The reason for this disturbing uptick? The vaccine-hesitant and anti-vaxxers in general. For mostly political reasons they have chosen the freedom to expose themselves and others to the deadliest pandemic since the 1918 Spanish Flu. And they are making the ultimate sacrifice for their beliefs. The news that almost all the people now dying of Covid are people who have not been vaccinated should come as no surprise.

“Getting the vaccine is not a partisan act,” Biden recently said. “The science was done under Democratic and Republican administrations. Matter of fact, the first vaccines were authorized under a Republican president.” Well, begrudgingly authorized by a tax-adverse dude who recommended that we might inject ourselves with bleach. But still.

On Wednesday, Johns Hopkins released a disturbing report that led to this startling headline in the Washington Post: “Pandemic deaths near 4 million worldwide amid delta variant surge.” According to the Post, “The United States continues to have the highest cumulative number of confirmed cases and deaths globally. More than 590,000 deaths from Covid-19 have been recorded across the country. Though cases dipped after January, a new wave began only a few months later, prompting President Biden to urge governors to reinstate mask mandates and other virus-related restrictions.”

So who are the stubborn and hesitant ones who refuse to help us get to herd immunity? The 20 states that have achieved Biden’s 70 percent vaccination threshold are Democrat-leaning in the main: the coastal states, much of New England, Hawaii, Colorado and New Mexico in the Southwest, Minnesota, and Illinois, where I hang my hat, sometimes called the Third Coast.

The places where Covid resisters reside make up the rest of the nation. Texas, Alaska, all of the intermountain West, the deep South and Florida. The maps that highlight these differences look almost identical to electoral maps from the 2016 presidential election and not too far off from the 2020 race.

The deadly delta variant of the coronavirus is now raging through the United States. As of June 15, the highest prevalence of the variant is in a ten-state cluster of mostly red-leaning areas — places like South Dakota, known for its super-spreader events last year like the Sturgis motorcycle debauchery and the Mt. Rushmore Trump rally debacle. And in Missouri, my conservative red-state neighbor, where the Delta variant has found a welcoming committee in the rural parts of the state. Recently on NPR, Amanda Hedgpeth, vice president at CoxHealth, based in Springfield, MO, explained that the variant is moving rapidly into areas of the state with vaccination rates as low as 17 percent. Funny how that works.

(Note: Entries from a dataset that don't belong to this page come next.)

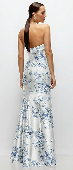 Strapless Cuff Neckline Floral Satin Trumpet Gown in cottage rose larkspur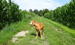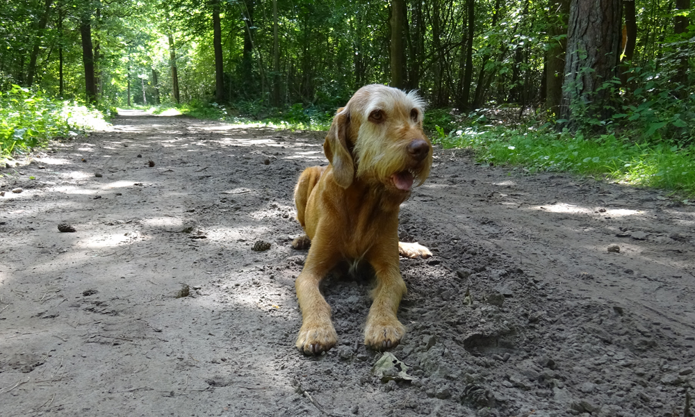 Dat is eventjes heel warm omdat het helemaal open is. Eerst door het maisveld en daarna over de weg. Woef moet over het gras omdat het asfalt ook erg warm is maar in no time zijn we alweer in de schaduw van het bos en lopen we over de snelweg en de spoorweg.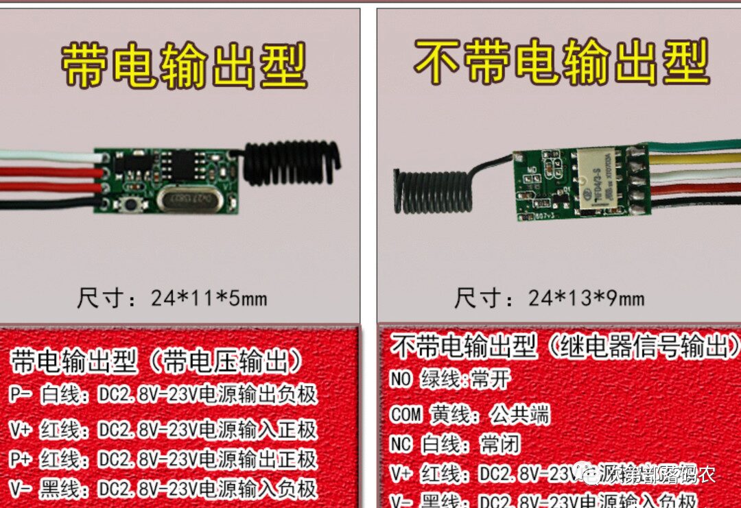 The receiving module can be categorized based on output type into powered output and non-powered output. Powered output means the output pin outputs low/high levels, with weak driving capability, usually unable to drive loads directly, often using MOS transistors to enhance driving capability. Non-powered output means adding a relay to the output stage of the receiving module, with actual output pins being the relay’s NO, COM, NC pins. By flying two wires on a non-powered output module, it can achieve powered output.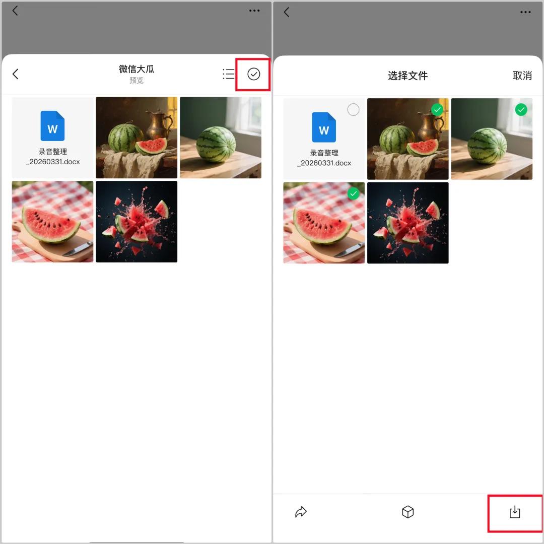 预览时,用户可以切换视图,支持以“列表”或“缩略图”方式浏览所有文件内容;同时还支持单选或多选,进行内容转发、收藏,或下载保存。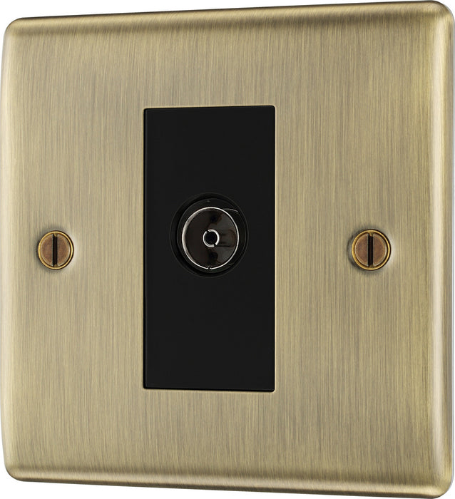 BG NAB62 Nexus Metal Isolated TV Aerial Socket - Black Insert - Antique Brass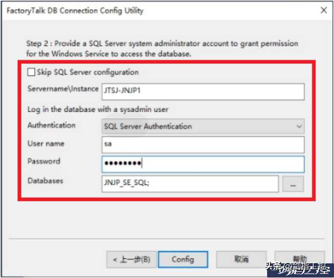 4、FactoryTalkDB连接配置实用程序:(1)“⑤”配置Windows身份验证(图2);(2)通过Windows身份验证配置访问SQLServer数据库;(3)选择在每个应用程序上用于访问数据库的用户账户类型:选择Windows内置网络服务用户(图3);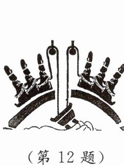 12. [2024·湖北] 如图是汉代画像砖上描绘的《史记》中“泗水取鼎”画面,两边各有数人用绳子通过滑轮拉起掉落水中的鼎。图中的这种滑轮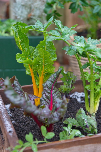 - Feldsalat, Flower Sprout, Gemüse, Grünkohl, Kübel, Mangold 'Bright Lights', Möhren, Postelein, Rosenkohl, Sellerie, Winter, Winterportulak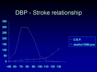 of stroke rises increasingly steeply and only a minority of patients would have a DBP of
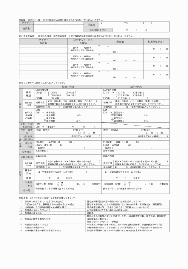第20条 府令第28条の3第1項及び府令第28条の8第1項の申請書は、法第30条の4各号に掲げる小学校就学前子どもの区分に応じ、次の各号に定めるものとする。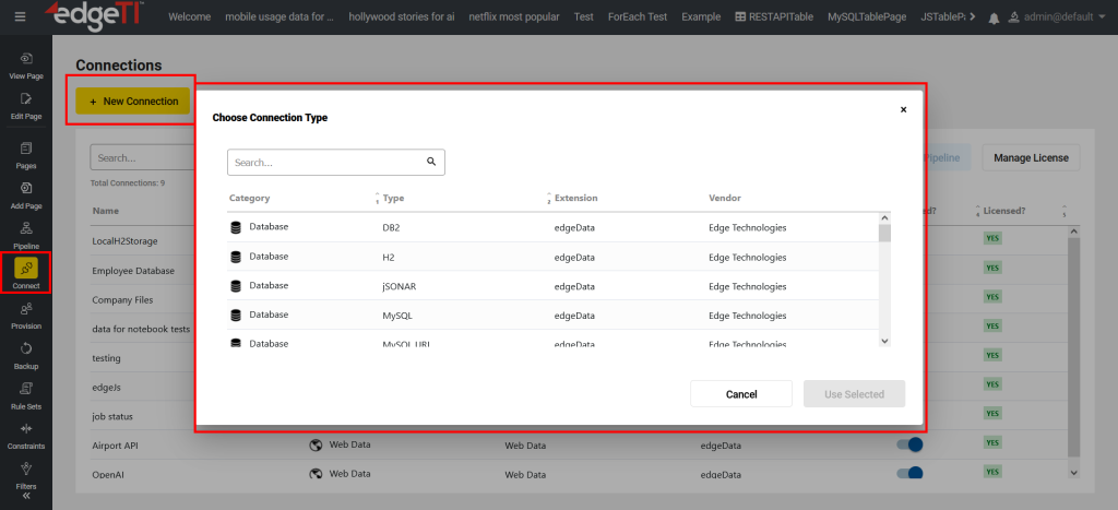 In order to present data in visualizations, edgeCore first needs to know where the data is coming from. Connections can be made to a variety of different data sources. Feeds off of these connections are then used to pull in raw data.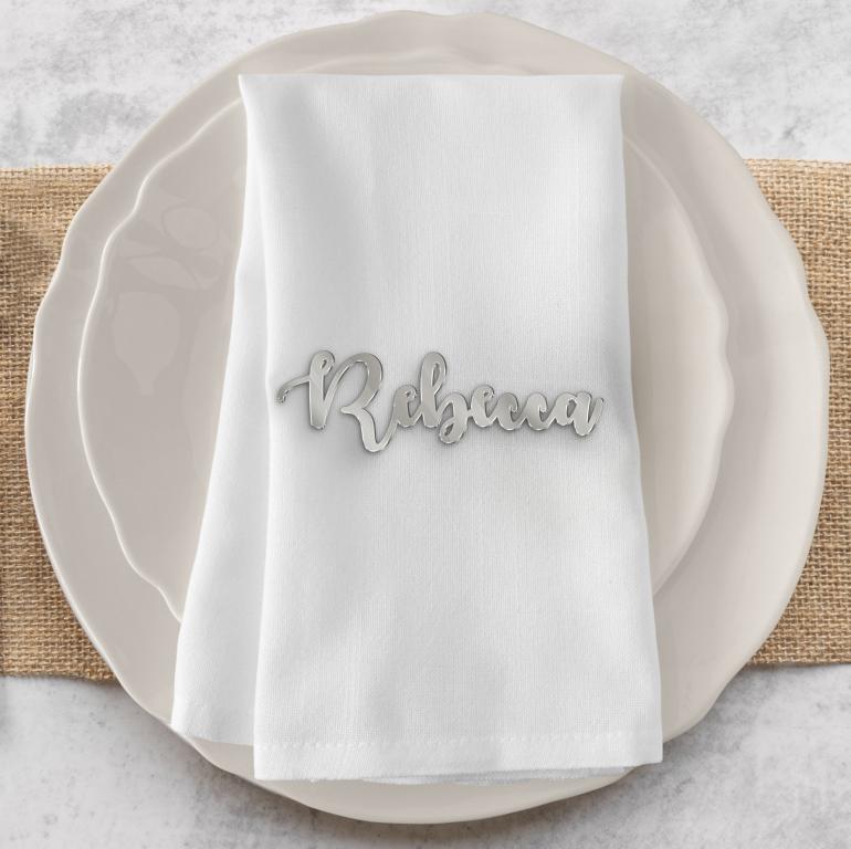 Segnaposto con nome personalizzato intagliato al laser intagliato in plexiglass argento

“Patients that are less likely to get the vaccine tend to live in more rural areas, tend to live in more red areas or red states, [and tend to be] those without a college education and those that are evangelical,” Hedgpeth said.

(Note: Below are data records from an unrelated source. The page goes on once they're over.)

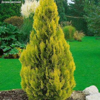 Саженец в контейнере P9. Высота саженца 10-20 см Туя Западная Голден Смарагд (Джанед Голд) - лучшая золотистая форма популярного сорта Смарагд. Хвоя золотисто-жёлтая в течение всего года, крона почти идеальная коническая. Для посадки туи выбирают солнечные места. Почва подходит легкая - торфянистые, сухие и глинистые супеси. При высадке в более тяжелый грунт на дне посадочной ямы необходим дренажный слой не менее 15 см толщиной.
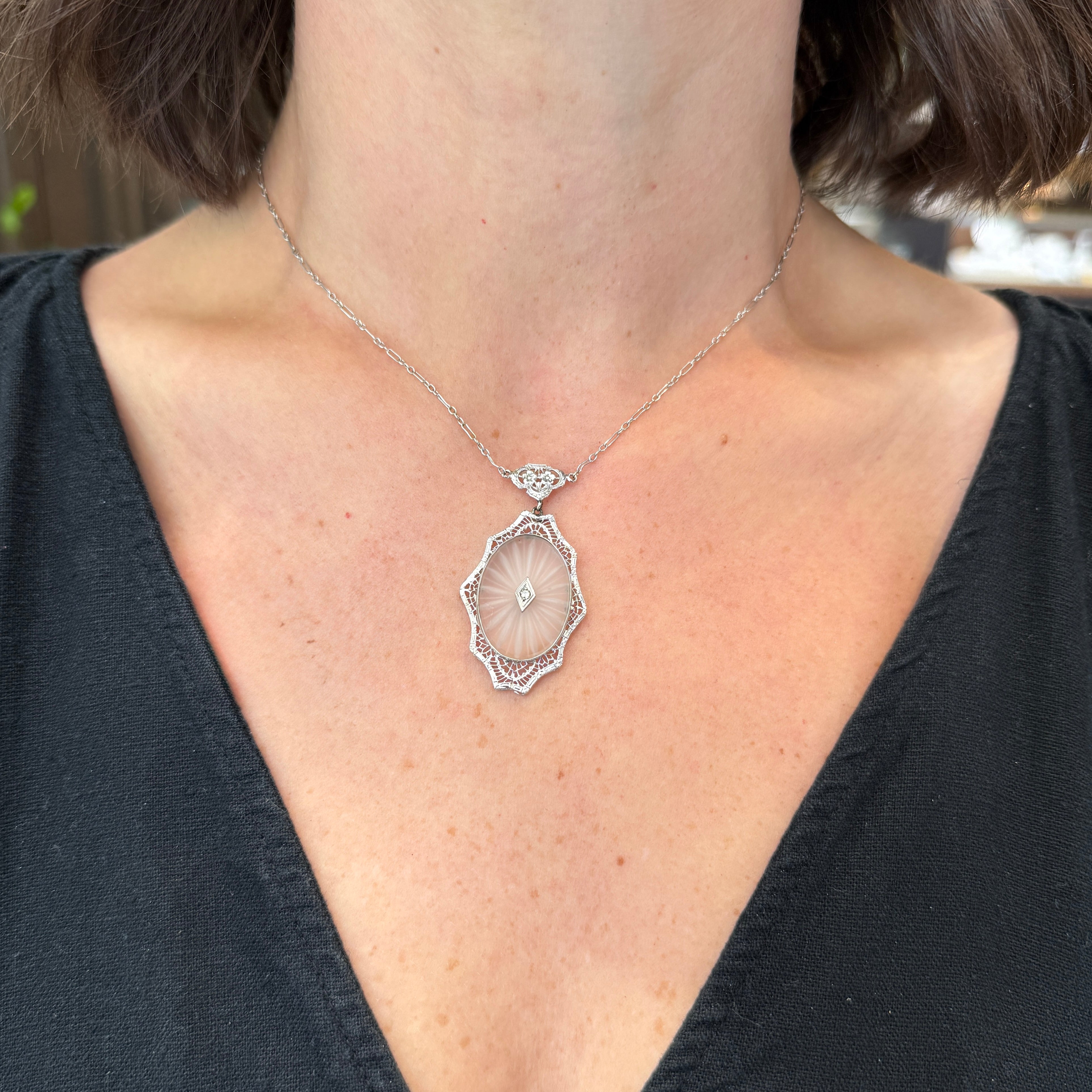 Art Deco 14k white gold, diamond, and camphor glass necklace. This unique Art Deco design features an oval camphor glass pendant framed by a striking scalloped filigree border. The misty, star-patterned glass—designed to mimic carved rock crystal—glows softly, with a single cut diamond at its center providing a sparkling accent. A delicate filigree bail suspends the pendant from a 15-inch antique link chain, making this an enchanting piece of 1920s craftsmanship that stands apart with its intricate, lace-like details.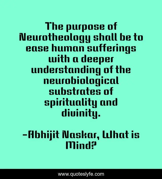 This page presents the quote "The purpose of Neurotheology shall be to ease human sufferings with a deeper understanding of the neurobiological substrates of spirituality and divinity.". Author of this quote is Abhijit Naskar, What is Mind?. This quote is about biology, neuropsychology, spirituality, science, science-and-religion, religion, neuroscience, philosophy-of-science, neurotheology,.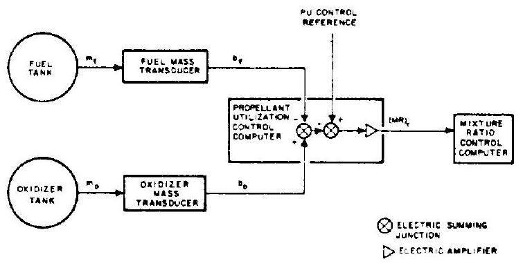 Figure presents the propellant utilization control system for the A-4 stage propulsion system. The residual propellant quantities in the main tanks are continuously monitored, summed, and compared with a control reference in the propellant utilization control computer. Any error detected is used to modify the command reference mixture ratio input, , to the mixture-ratio control computer. This method isolates the mixture ratio control from the propellant utilization control, and thus prevents interaction between them. The bandwidth of the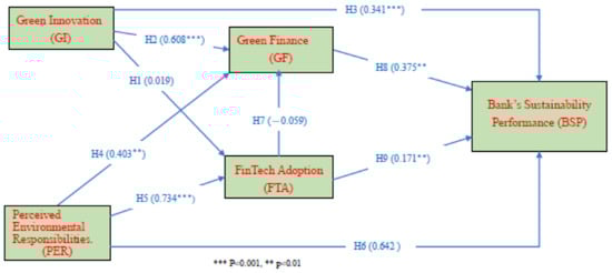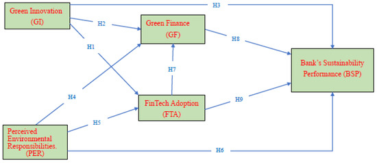 In their study on financial technology in Malaysia, Ref. [51] demonstrated that FTA is driven by the perceived behavioral control of TPB and indicated an impact between the two. According to Ref. [52], recent research in South Africa shows that PER has significant impact on FTA. However, Ref. [53] found that it has not yet been concluded whether there is a mutual influence between sustainability performance and environmental perception of responsibility. Ref. [54] found that information based on increasing severity will indeed increase individuals’ willingness to mitigate their impact on climate change. Financial technology relies on green financial technology applications such as blockchain, artificial intelligence, big data, cloud computing, and internet finance that contribute to the achievement of sustainability goals in the banking industry [55]. In the past decade, there has been GI brought about by fintech, which is prompting the large banking industry to ramp up its investments in IT; for example, by 2019, fintech was the most advantageous investment for banking institutions [56] as was the adoption of financial technology integrates investments in green innovation technology within the banking industry. It facilitates the transformation of the banking industry and has significant impact on the overall economic and social sustainable transformation through the balance of financial inclusion and sustainable development [57]. FTA enhances the profitability, competitiveness, and BSP, thereby influencing financial sustainability development [58]. Therefore, the research hypotheses H5 and H6 are formulated as follows:

One could assume that the less education you have, the less you will trust science when experts tell you the vaccine is safe and does not contain, for example, a tracking device attached to Bill Gates’ Microsoft network.

The lack of trust in politicians spans an assortment of often conflicting demographics, but, given the voting patterns in the last two presidential elections, it is not a stretch to suggest that right-leaning conservatives pretty much oppose anything President Biden proposes, including getting the vaccine.

I remember receiving my oral polio vaccine as a young elementary-school kid on the Southside of Chicago. As Lawrence Wright observes in his new book ‘The Plague Year,’ I was part of a “heroic international effort [that] over decades has led to the point that this incurable disease is on the verge of extinction.”

But times have changed, thanks in no small part to anti-vaxxers like Robert Kennedy Jr. and the ability for disinformation to spread, well, as fast as the delta variant. Wright suggests that we are in a race between science and conspiracy that undermines a national effort as in the case of polio.

I wish I could predict that science will ultimately win out, but, sadly, given the present state of these divided United States, predicting the future is a fool’s errand.

Stephen J. Lyons is the author of five books of essays and journalism. His newest book is “West of East.”